To call those jars from your SQL engine (i.e., Hive, Spark, or Trino), the standard process for deploying UDF jars is followed for each engine. For example, in Hive, you add the jar to the classpath using the ADD JAR
statement, and register the UDF using CREATE FUNCTION
statement. In Trino, the jar is deployed to the plugin
directory. However, a small patch is required for the Trino engine to recognize the jar as a plugin, since the generated Trino UDFs implement the SqlScalarFunction
API, which is currently not part of Trino's SPI architecture. You can find the patch here and apply it before deploying your UDFs jar to the Trino engine.
Contributing
The project is under active development and we welcome contributions of different forms:
-
Contributing new general-purpose Transport UDFs (e.g., Machine Learning UDFs, Spatial UDFs, Linear Algebra UDFs, etc).
-
Contributing new platform support.
-
Contributing a framework for new types of UDFs, e.g., aggregate UDFs (UDAFs), or table functions (UDTFs).

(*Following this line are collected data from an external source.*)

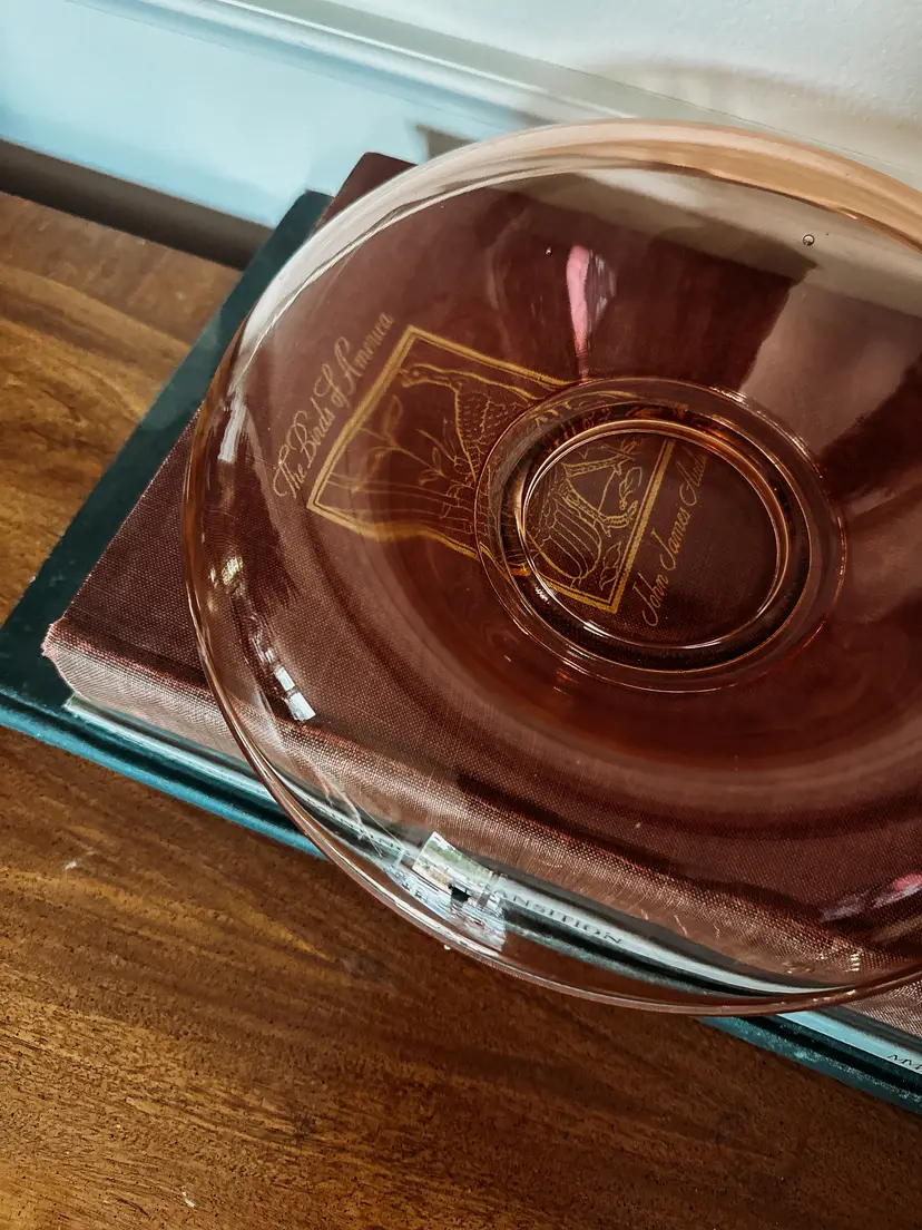 11" in diameter and about 2" tall can be used either direction as a serving bowl or display. Absolutely stunning with no chips or cracks. Some bubbles in the glass which is part of the manufacturing process, not damage.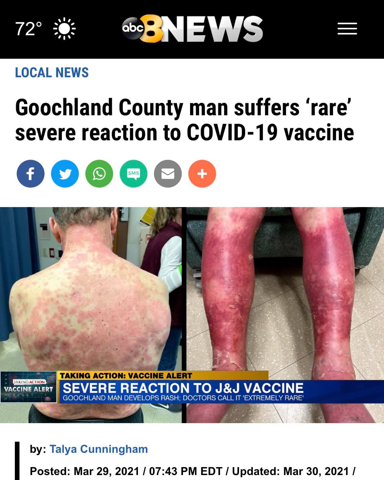 The article says he spent five days in the hospital but he’s thankful to have received the vaccine. https://www.wric.com/news/local-news/goochland-county-man-suffers-rare-severe-reaction-to-covid-19-vaccine/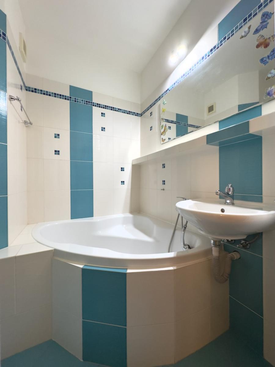 Koupelna: Umyvadlo se zrcadlem, rohová vana, WC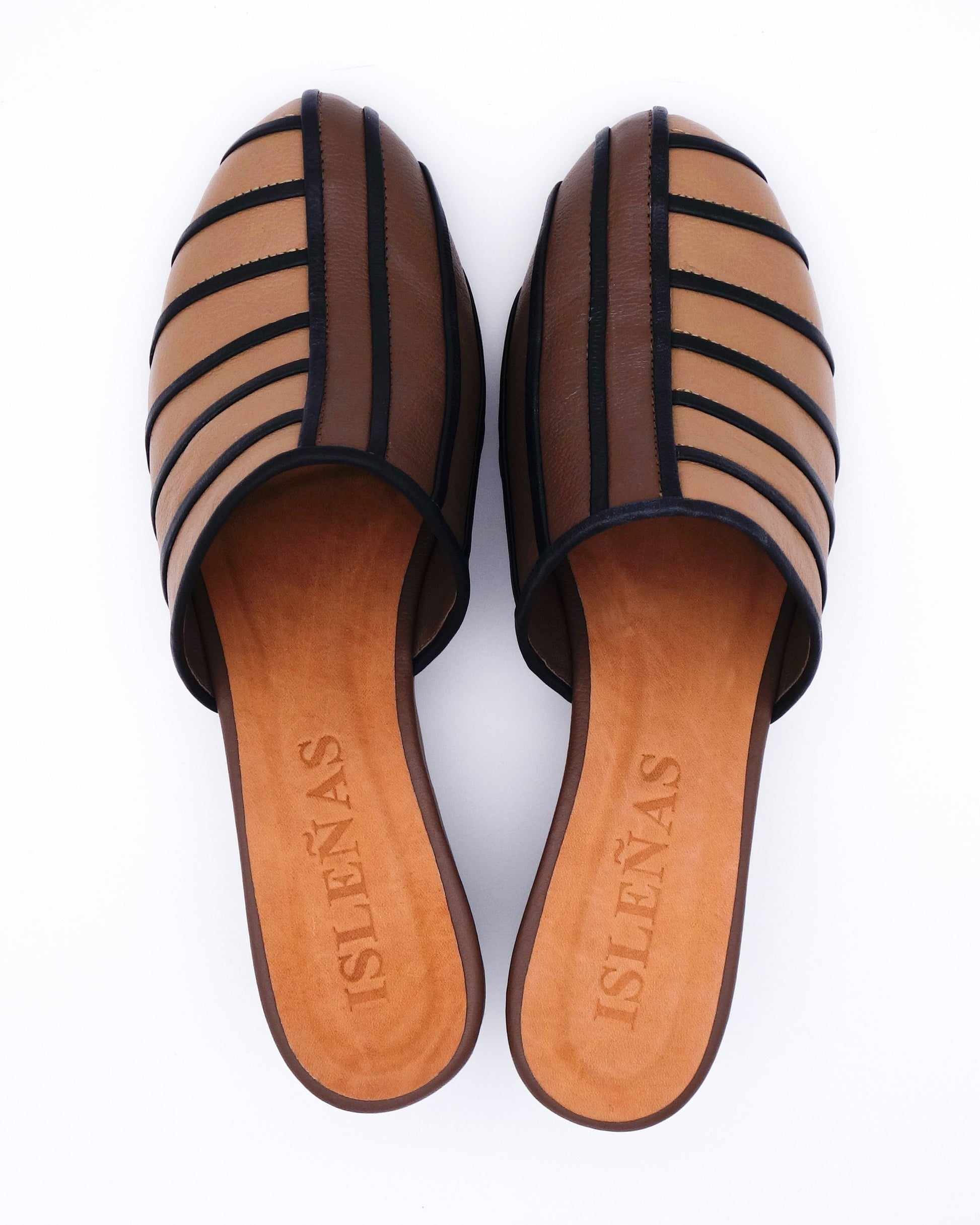 The Alia Mule is the sister style to the Amara Slide in wedge version. We used the same patchwork technique we apply on the Off Grid styles but this time played with lines, direction, and color. The Alia Mule is a minimal and visually interesting wedge that we consider to be the most versatile style from this drop. She can elevate a casual look, she can take you to work or she can carry a day to night look.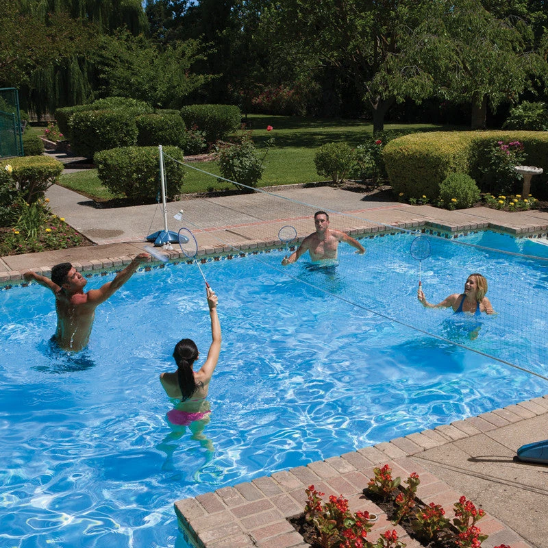 - Set includes: Nylon net, game bases, deluxe water volleyball & inflating needle, 4 metal badminton rackets and 4 birdies

Please take a look at the Contribution Agreement.
Questions?
Please send any questions or discussion topics to [email protected]
License
BSD 2-CLAUSE LICENSE
Copyright 2018 LinkedIn Corporation.
All Rights Reserved.
Redistribution and use in source and binary forms, with or without
modification, are permitted provided that the following conditions are
met:
1. Redistributions of source code must retain the above copyright
notice, this list of conditions and the following disclaimer.
2. Redistributions in binary form must reproduce the above copyright
notice, this list of conditions and the following disclaimer in the
documentation and/or other materials provided with the
distribution.
THIS SOFTWARE IS PROVIDED BY THE COPYRIGHT HOLDERS AND CONTRIBUTORS
"AS IS" AND ANY EXPRESS OR IMPLIED WARRANTIES, INCLUDING, BUT NOT
LIMITED TO, THE IMPLIED WARRANTIES OF MERCHANTABILITY AND FITNESS FOR
A PARTICULAR PURPOSE ARE DISCLAIMED. IN NO EVENT SHALL THE COPYRIGHT
HOLDER OR CONTRIBUTORS BE LIABLE FOR ANY DIRECT, INDIRECT, INCIDENTAL,
SPECIAL, EXEMPLARY, OR CONSEQUENTIAL DAMAGES (INCLUDING, BUT NOT
LIMITED TO, PROCUREMENT OF SUBSTITUTE GOODS OR SERVICES; LOSS OF USE,
DATA, OR PROFITS; OR BUSINESS INTERRUPTION) HOWEVER CAUSED AND ON ANY
THEORY OF LIABILITY, WHETHER IN CONTRACT, STRICT LIABILITY, OR TORT
(INCLUDING NEGLIGENCE OR OTHERWISE) ARISING IN ANY WAY OUT OF THE USE
OF THIS SOFTWARE, EVEN IF ADVISED OF THE POSSIBILITY OF SUCH DAMAGE.